The ambassador had arrived with the five points, not in his portfolio but in his heart, and they might after all be concentrated in one phrase—Down with Austria, up with the Dutch republic. On his first interview with Cecil, who came to arrange for his audience with the king, he found the secretary much disposed to conciliate both Spain and the empire, and to leave the provinces to shift for themselves.
He spoke of Ostend as of a town not worth the pains taken to preserve it, and of the India trade as an advantage of which a true policy required that the United Provinces should be deprived. Already the fine commercial instinct of England had scented a most formidable rival on the ocean.
As for the king, he had as yet declared himself for no party, while all parties were disputing among each other for mastery over him. James found himself, in truth, as much, astray in English politics as he was a foreigner upon English earth.

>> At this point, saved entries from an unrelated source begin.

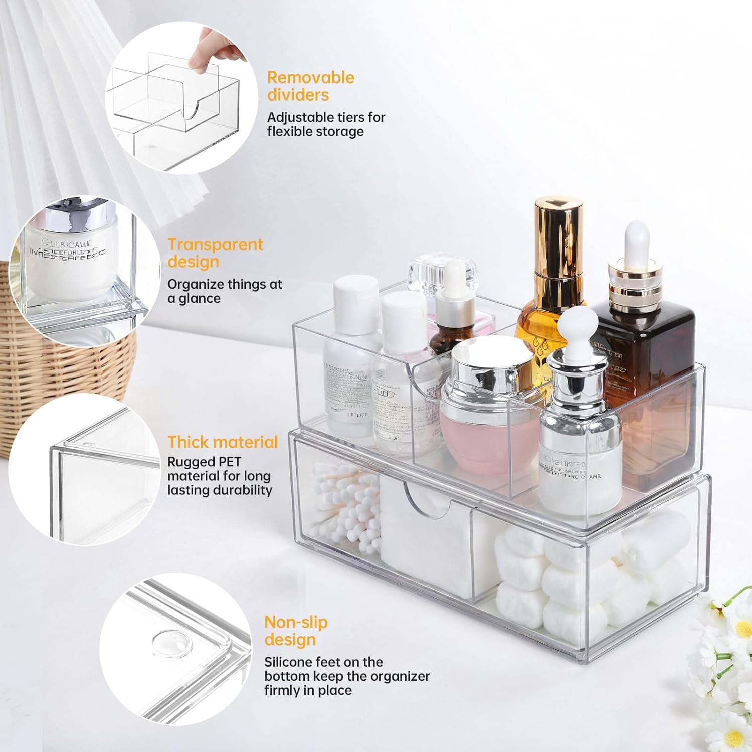 - Clever design: The stackable design of the box can reduce the space occupation and increase the storage efficiency; The drawer design is easy to access items; Anti-slip feet on the bottom to hold the box securely
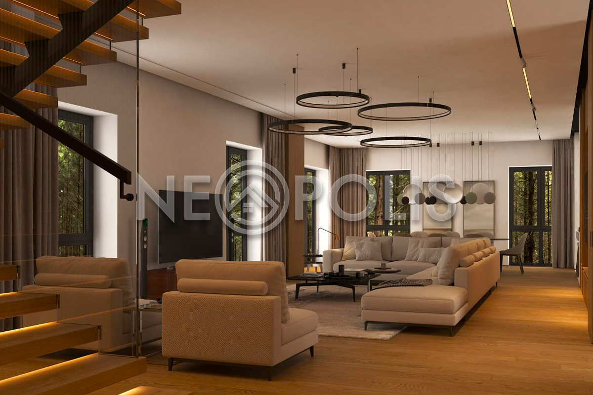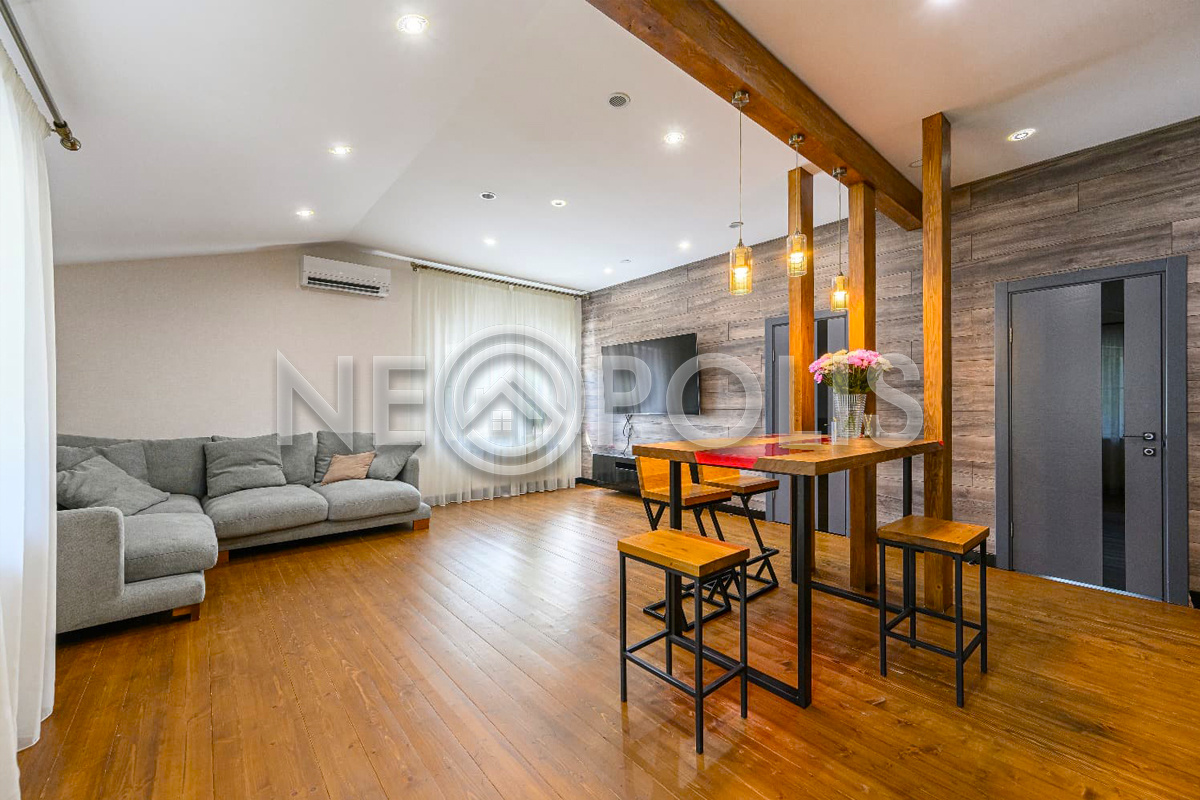 Объект расположен в комфортном для проживания поселке, на благоустроенном участке с видом на лес и ландшафтным дизайном. Полностью готов к круглогодичному проживанию. Отделка выполнена в классическом стиле из дорогих натуральных материалов.
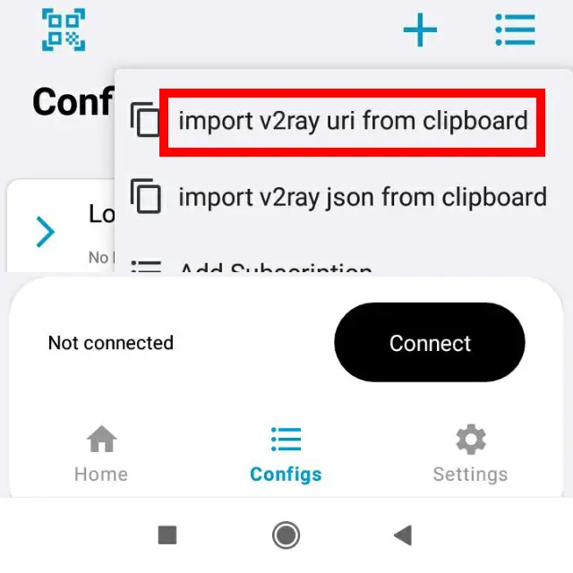Choose downloaded configuration file or copy file content and connect
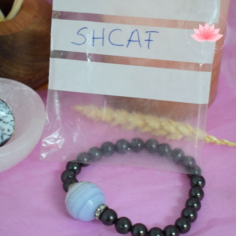 Preciosa pulsera en Shungit, perlas de 8mm con una perla de Calcedonia facetada de 17mm.
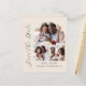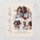 This simple, minimalist Save the Date card features a photo collage arch, with a horizontal photo at the top and two square photos below. The words "Save the Date" run vertically up the left margin in elegant black handwriting script. The couple's names, wedding date and city appear below the photo collage in sans serif font on a beige background. Add a more detailed message with additional information on the back, along with a QR code to help your guests visit your wedding website.
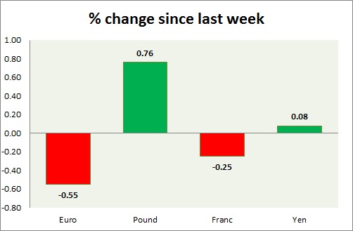 Strength meter (since last week) – Euro -0.55%, Franc -0.25%, Yen +0.08%, GBP +0.76%
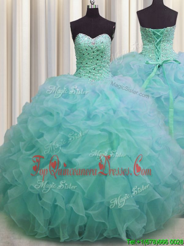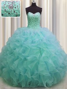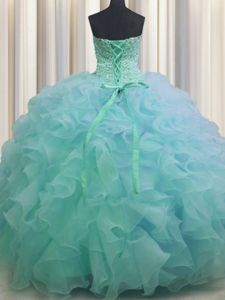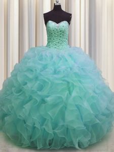 Best Green Sweetheart Neckline Beading and Ruffles Ball Gown Prom Dress Sleeveless Lace Up

Suspecting every one, afraid of every one, he was in mortal awe, most of all, of his wife, who being the daughter of one Protestant sovereign and wife of another, and queen of a united realm dependent for its very existence on antagonism to Spain and Rome, was naturally inclined to Spanish politics and the Catholic faith.

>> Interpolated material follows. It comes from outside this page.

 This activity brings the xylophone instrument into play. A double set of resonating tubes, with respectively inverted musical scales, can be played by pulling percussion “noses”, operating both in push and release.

The turbulent and intriguing Anne of Denmark was not at the moment in London, but James was daily expecting and De Bethune dreading her arrival.

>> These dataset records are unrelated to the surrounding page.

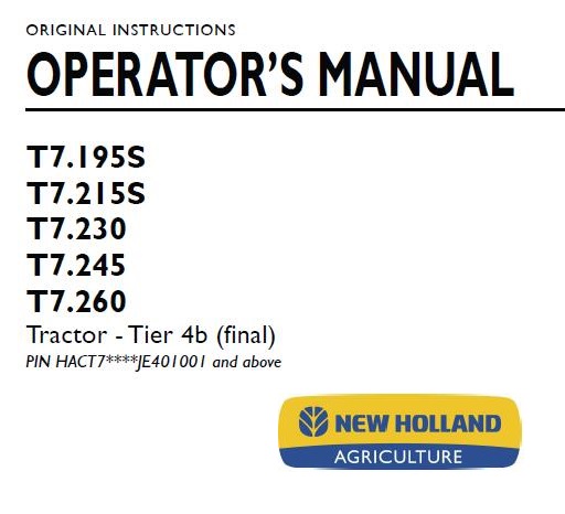 Read This New Holland T7.195S, T7.215S, T7.230, T7.245, T7.260 Tier 4b (final) Tractor Operator’s Manual carefully to learn how to operate and service your machine correctly. Failure to do so could result in personal injury or equipment damage.
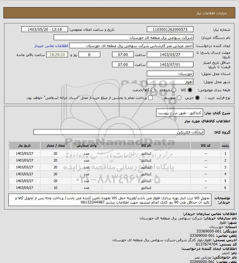 شرح کلی نیاز: کنتاکتور - طبق شرح پیوست
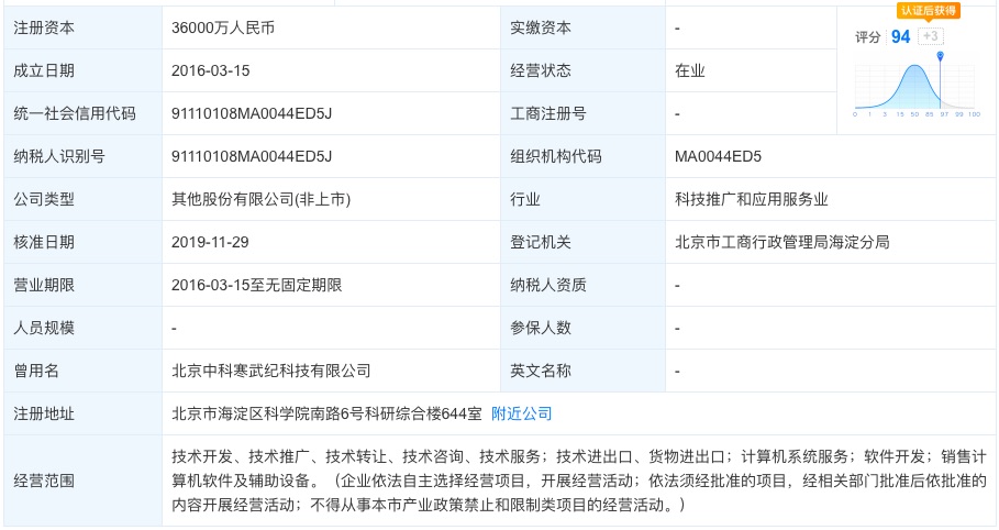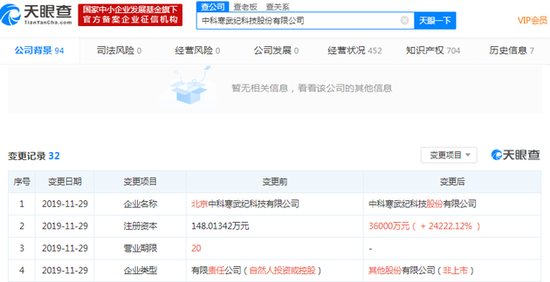 据天眼查数据显现,寒武纪的运营主体——北京中科寒武纪科技股份有限公司产生工商改变,注册资本由本来的约148万人民币新增至3.6亿人民币。

The ambassador knew very well that, although the king talked big in her absence about the forms which he intended to prescribe for her conduct, he would take orders from her as soon as she arrived, refuse her nothing, conceal nothing from her, and tremble before her as usual.
The king was not specially prejudiced in favour of the French monarch or his ambassador, for he had been told that Henry had occasionally spoken of him as captain of arts and doctor of arms, and that both the Marquis de Rosny and his brother were known to have used highly disrespectful language concerning him.
Before his audience, De Rosny received a private visit from Barneveld and the deputies of the States-General, and was informed that since his arrival they had been treated with more civility by the king. Previously he had refused to see them after the first official reception, had not been willing to grant Count Henry of Nassau a private audience, and had spoken publicly of the States as seditious rebels.
Oh the 21st June Barneveld had a long private interview with the ambassador at Arundel palace, when he exerted all his eloquence to prove the absolute necessity of an offensive and defensive alliance between France and the United Provinces if the independence of the republic were ever to be achieved. Unless a French army took the field at once, Ostend would certainly fall, he urged, and resistance to the Spaniards would soon afterwards cease.
It is not probable that the Advocate felt in his heart so much despair as his words indicated, but he was most anxious that Henry should openly declare himself the protector of the young commonwealth, and not indisposed perhaps to exaggerate the dangers, grave as they were without doubt, by which its existence was menaced.